- _WHAT YOU ARE ASKED TO DO_
Beginning at the line that contains "2021年四月十八日,在德国班贝格举办的2021班贝格国际马林巴大赛(International Marimba Festiva" and finishing at the line that contains "甘肃通报21死马拉松事故:27人被追责,1名官员死亡免处分", output the data below exactly. Include both end lines and no pictures.

- _RECORDS PROVIDED_
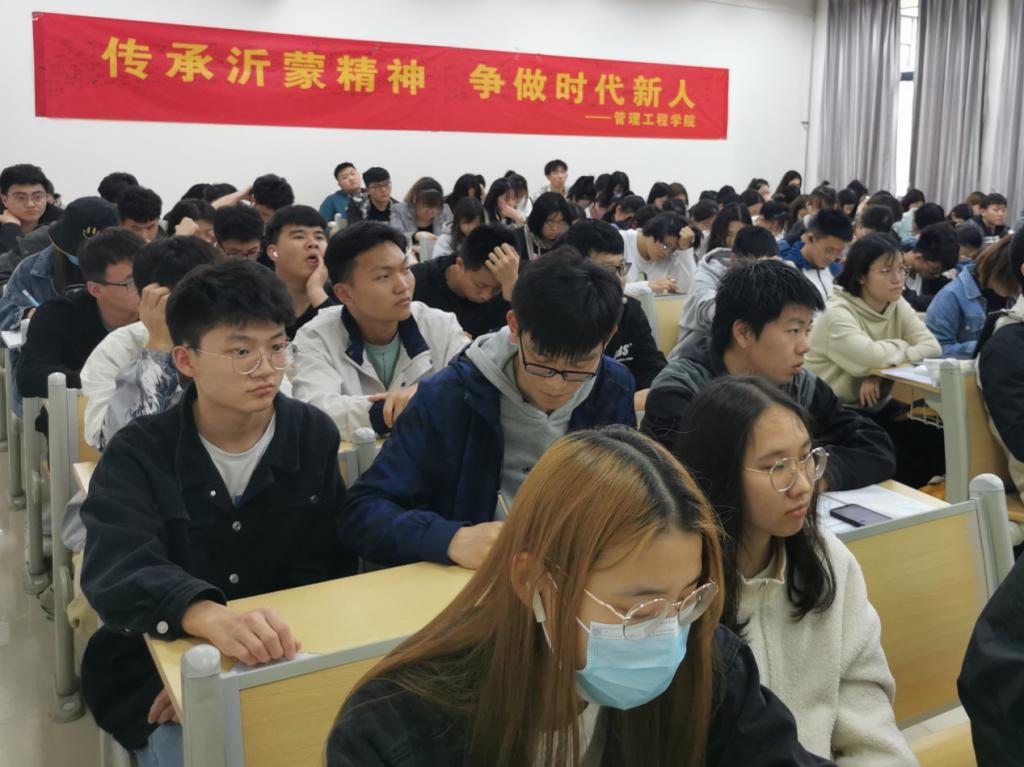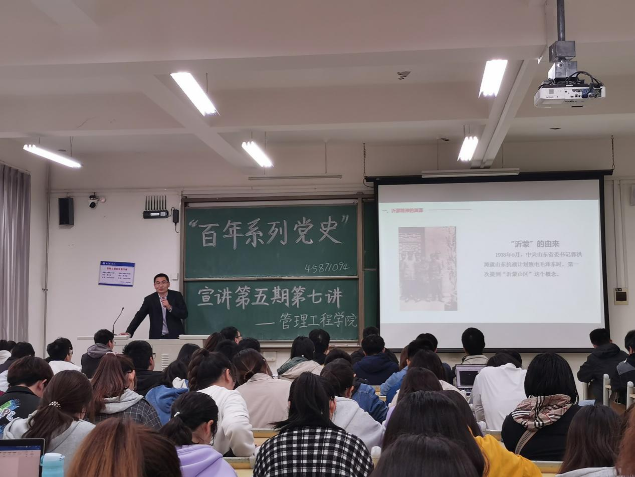 5月12日下午,365完美体育理论宣讲团“百年党史系列专题讲座”第五期在主教学楼B315举行,邀请365完美体育理论宣讲团成员、马克思主义学院王玉喜副教授做了题为《“沂蒙精神”的渊源、特征及意义》的主题宣讲。本期讲座由管理工程学院承办,学院团委书记、学工办班主任陈永亮主持。365完美体育理论宣讲团团长李龙强教授及马克思主义学院、管理工程学院共160多位同学参加。
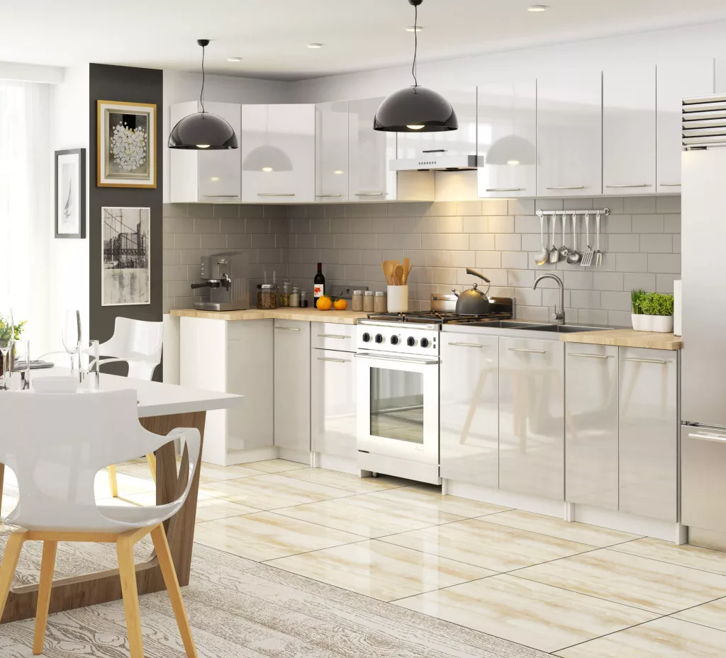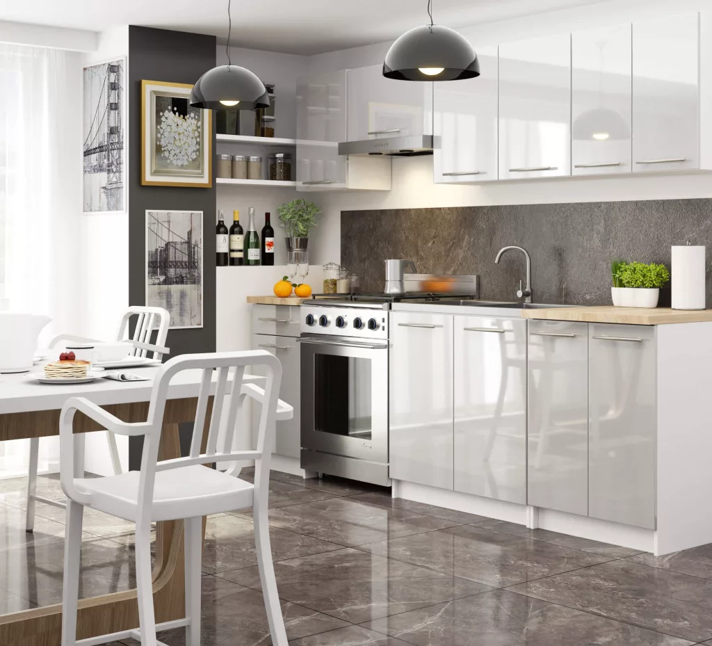 AKORD Oliwia Konyhai Fiókos Szekrény Laminált Fehér-Metál Magasfényű KS0POLIBIAMETPOL3S007
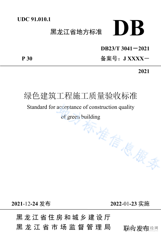 DB23 T 3041—2021綠色建筑工程施工質量驗收標準
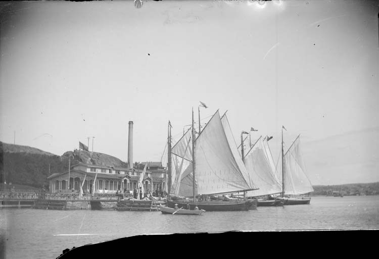 Enligt text som medföljde bilden: "Lysekil. Segelbåtarna från herrbassinen 1897."
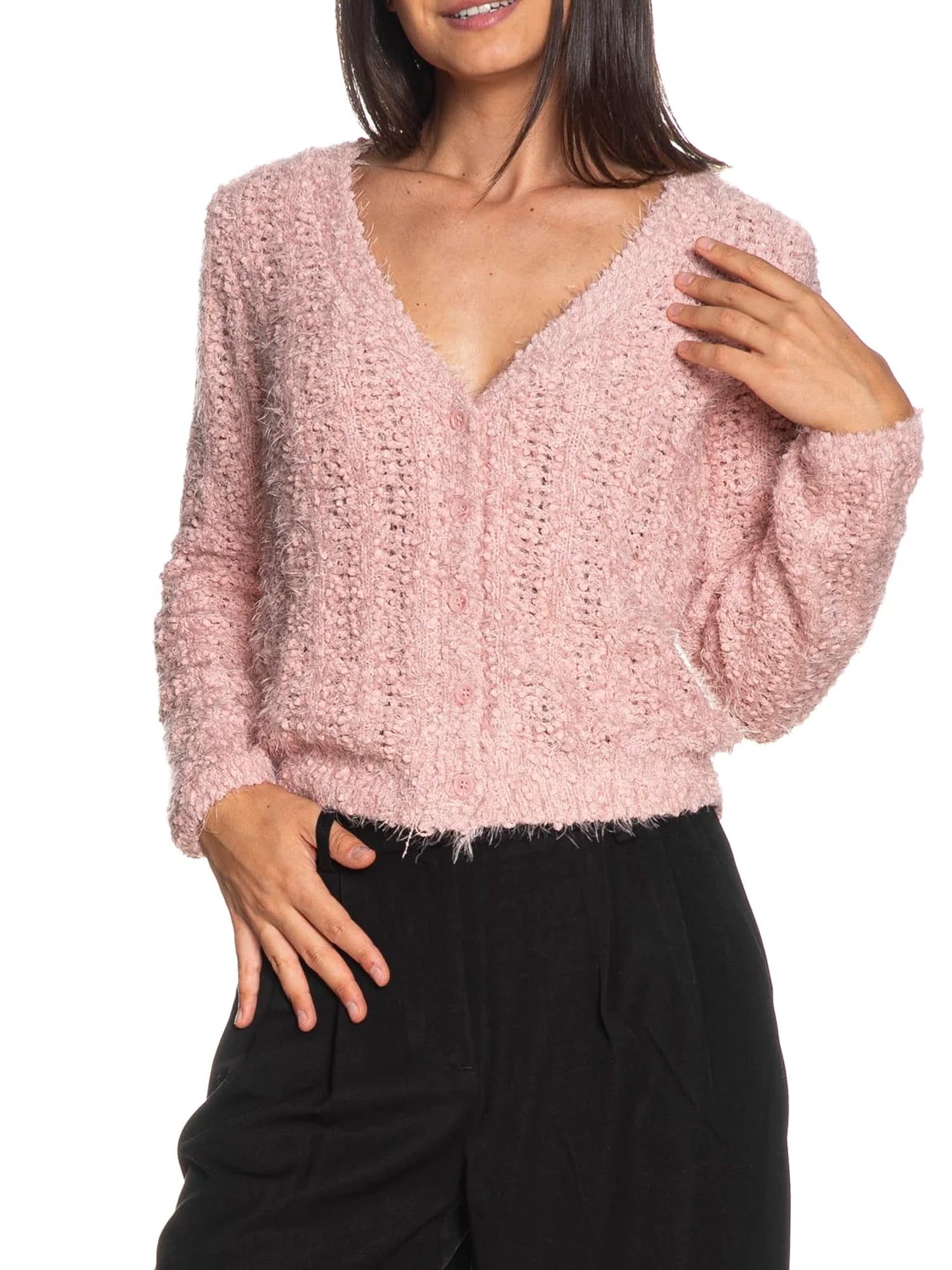 cardigan in maglia traforata e testurizzata.
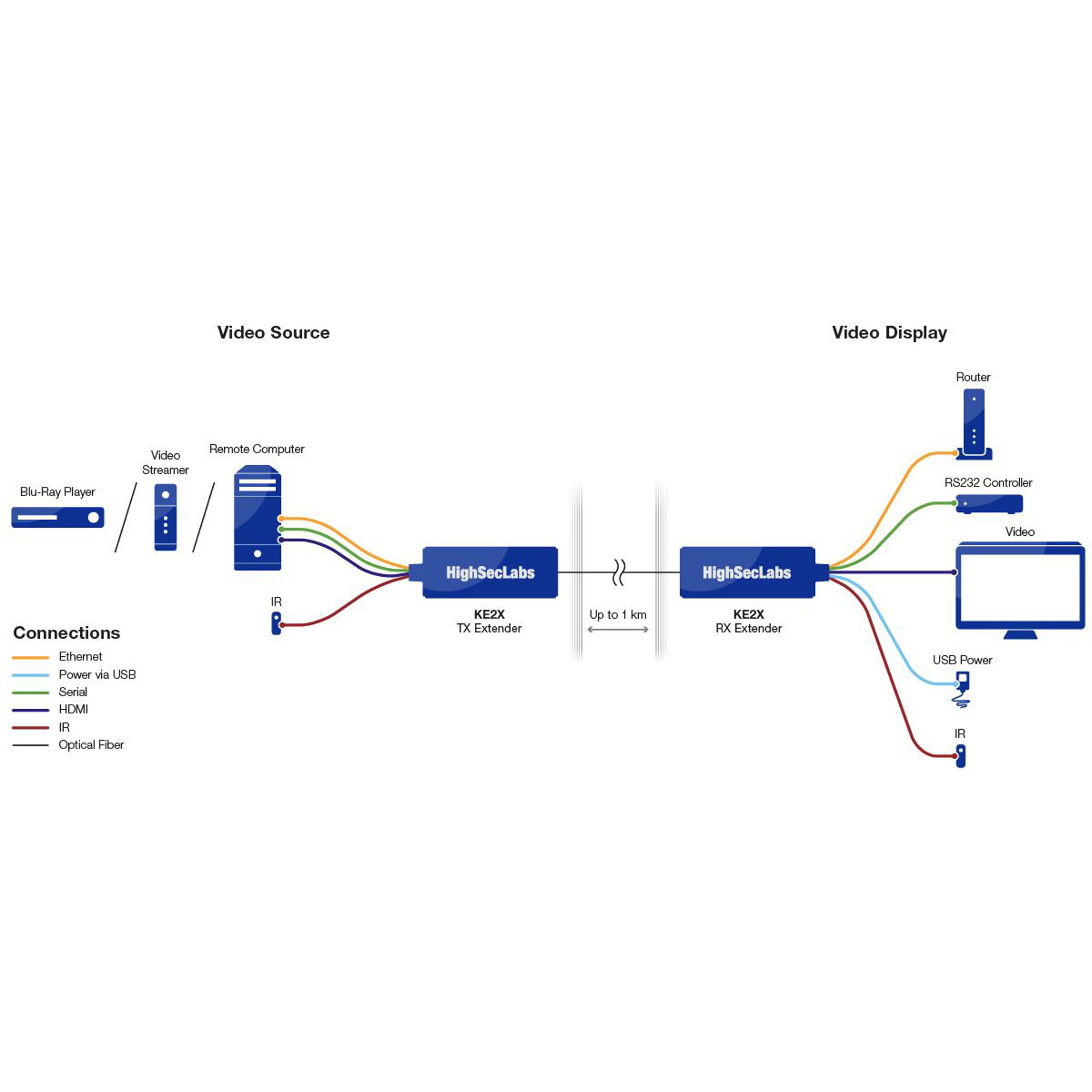 Der LAN-Port der Extender ist voll mit IEEE 802.3-2005 und 10BASE-T/100BASE-T kompatibel, um TCP-basierte Geräte auf bis zu einen Kilometer zu verlängern. Sowohl die KE1X und die KE2X verlängern sowohl IR-Datenverkehr zur Fernsteuerung als auch serielle RS232-Kommunikation via USB auf der TX-Seite.
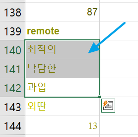 아래처럼 뜻 대신 숫자가 나오는 경우는 직접 찾아서 입력하거나 엑셀파일을 수정하고 다시 매크로를 돌립니다.
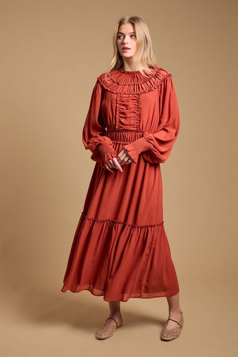 The Oasis Ochre Chiffon Ruffle Midi Dress is made from chiffon.
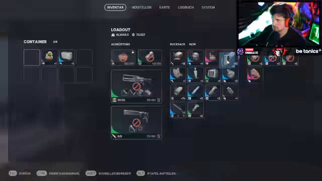 06:43:16Ein zentrales Thema ist das Craften von Gegenständen und der Fortschritt im Projekt Expedition. Der Streamer benötigt einen Luftbefeuchter, um eine Aufgabe abzuschließen, und geht daher gezielt auf die Suche nach diesem Gegenstand. Das Crafting von Bandagen und die Verwaltung des Inventars sind ebenfalls wichtig. Es wird die Balance zwischen Platz im Inventar und dem Wert von Ausrüstung thematisiert, die den Erfolg in der Runde beeinflusst.
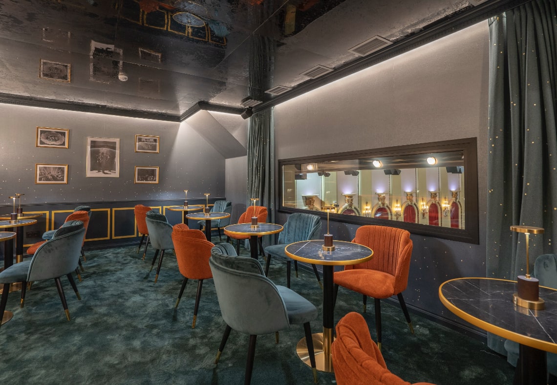 El APOLO presenta una nueva decoración: una fusión entre el esplendor Art Déco, los ecos pseudobarrocos y la sensibilidad escénica contemporánea.
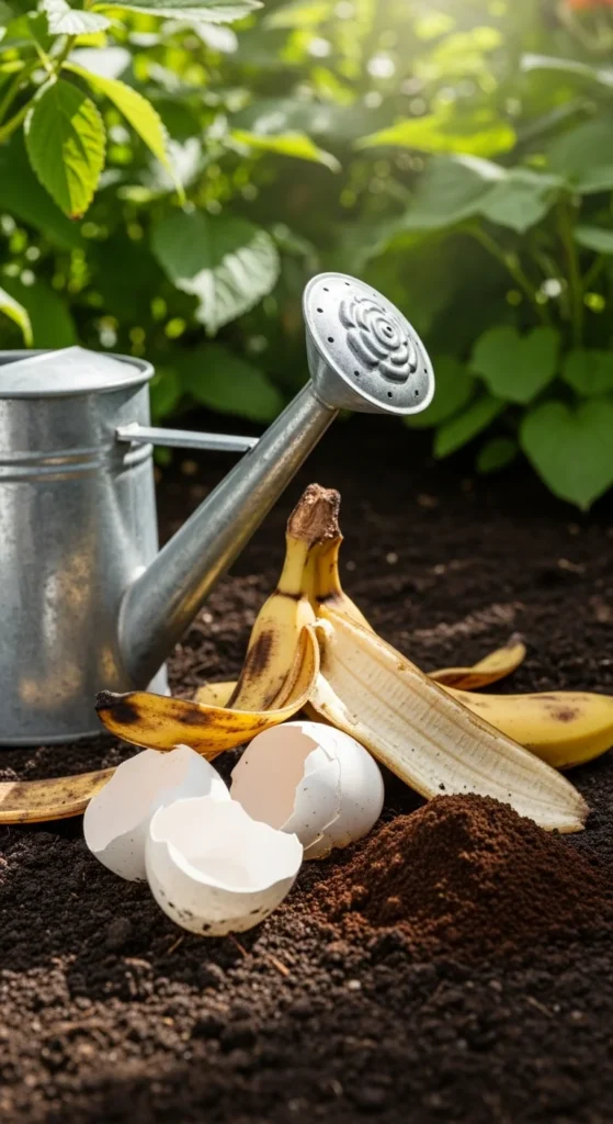 Simple kitchen scraps can act as plant food. Mix banana peels or crushed eggshells into soil for potassium and calcium. Coffee grounds add nitrogen for leafy greens. It’s free and effective.
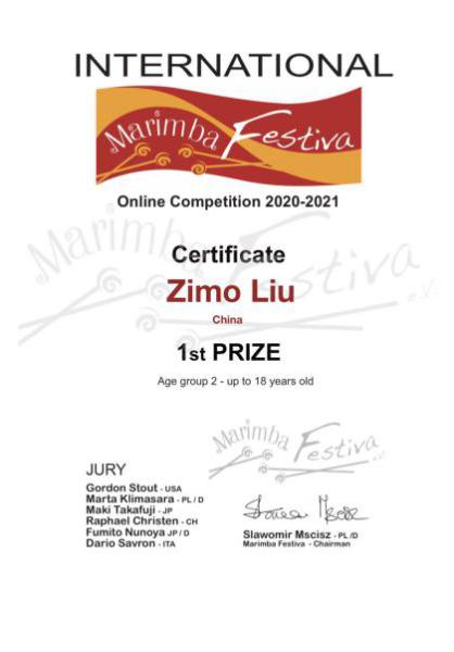 2021年四月十八日,在德国班贝格举办的2021班贝格国际马林巴大赛(International Marimba Festiva Competition2020~2021)决赛中(由于疫情在线上进行比赛),中央音乐学院附中高二年级刘子墨同学、高一年级张柏杨同学、初三年级戴金同学、初一年级孙嘉艺同学分别获得年龄2组第一名、年龄2组第二名、年龄1a组第一名和年龄1b组第一名奖项。
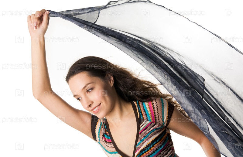 Элегантная женщина с шифонским парео на белом фоне
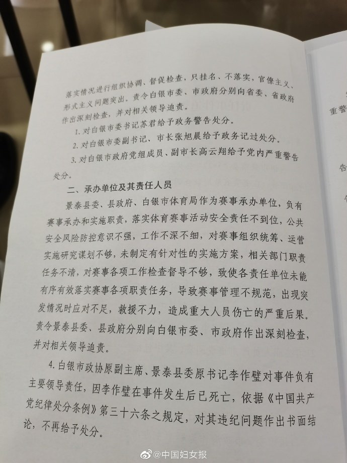 甘肃通报21死马拉松事故:27人被追责,1名官员死亡免处分
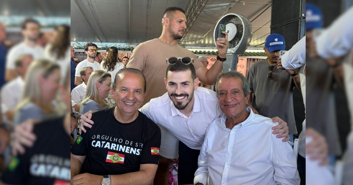 Afinal, o ex-vereador que foi rejeitado pelo PL de Urussanga, chegando a ter a sua filiação cancelada, aparece na festa confraternizando com o governador Jorginho Mello, com o candidato ao senado Carlos Bolsonaro e com o presidente nacional do PL, Valdemar Costa Neto.
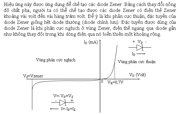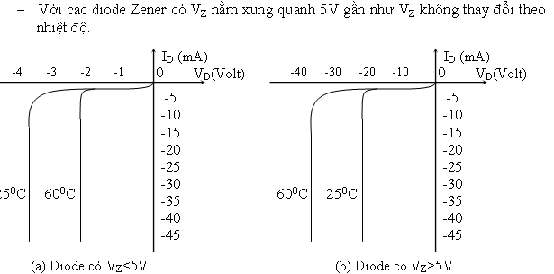 - Với các diode Zener có điện thế Zener VZ < 5V thì khi nhiệt độ tăng, điện thế Zener giảm.
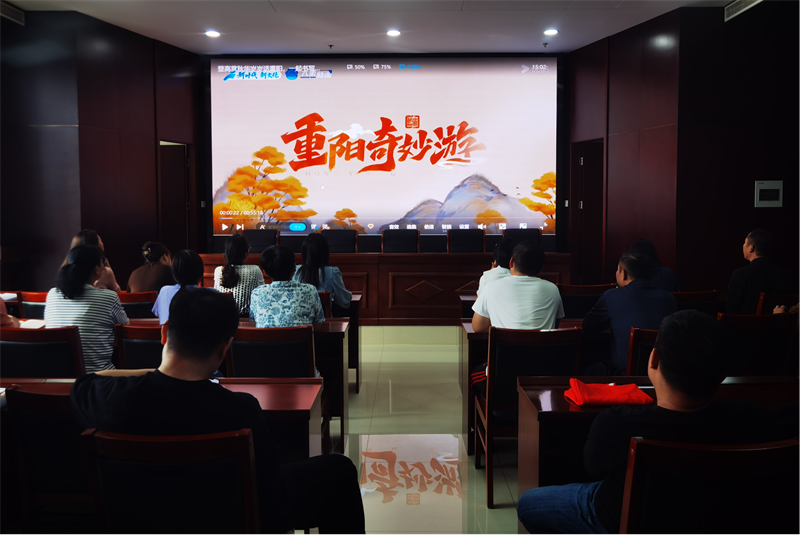 一是集團公司各部室干部職工一同觀看了《重陽奇妙游》。了解重陽節的由來、欣賞了重陽的優秀佳作。故事通過“山腳·日月同輝”“山間·該走哪條路呢”“山腰·向前看”“山谷·我的心開滿鮮花”“山脊-山頂·心有大風景”五話故事,串聯起主人公一路“登高”,賞國色之秋、登高山之巔。
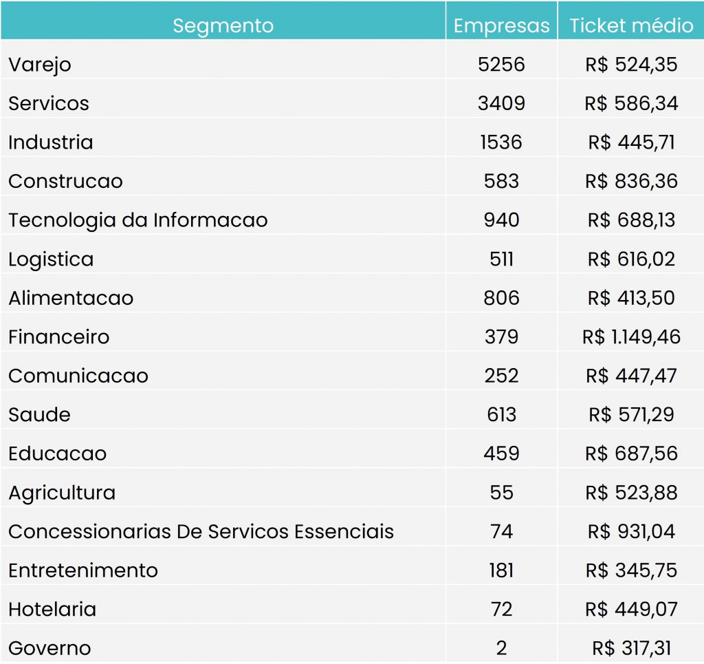 Ticket médio é maior no setor financeiro

- _PROBLEM SOLUTION_
 2021年四月十八日,在德国班贝格举办的2021班贝格国际马林巴大赛(International Marimba Festiva Competition2020~2021)决赛中(由于疫情在线上进行比赛),中央音乐学院附中高二年级刘子墨同学、高一年级张柏杨同学、初三年级戴金同学、初一年级孙嘉艺同学分别获得年龄2组第一名、年龄2组第二名、年龄1a组第一名和年龄1b组第一名奖项。
 Элегантная женщина с шифонским парео на белом фоне
 甘肃通报21死马拉松事故:27人被追责,1名官员死亡免处分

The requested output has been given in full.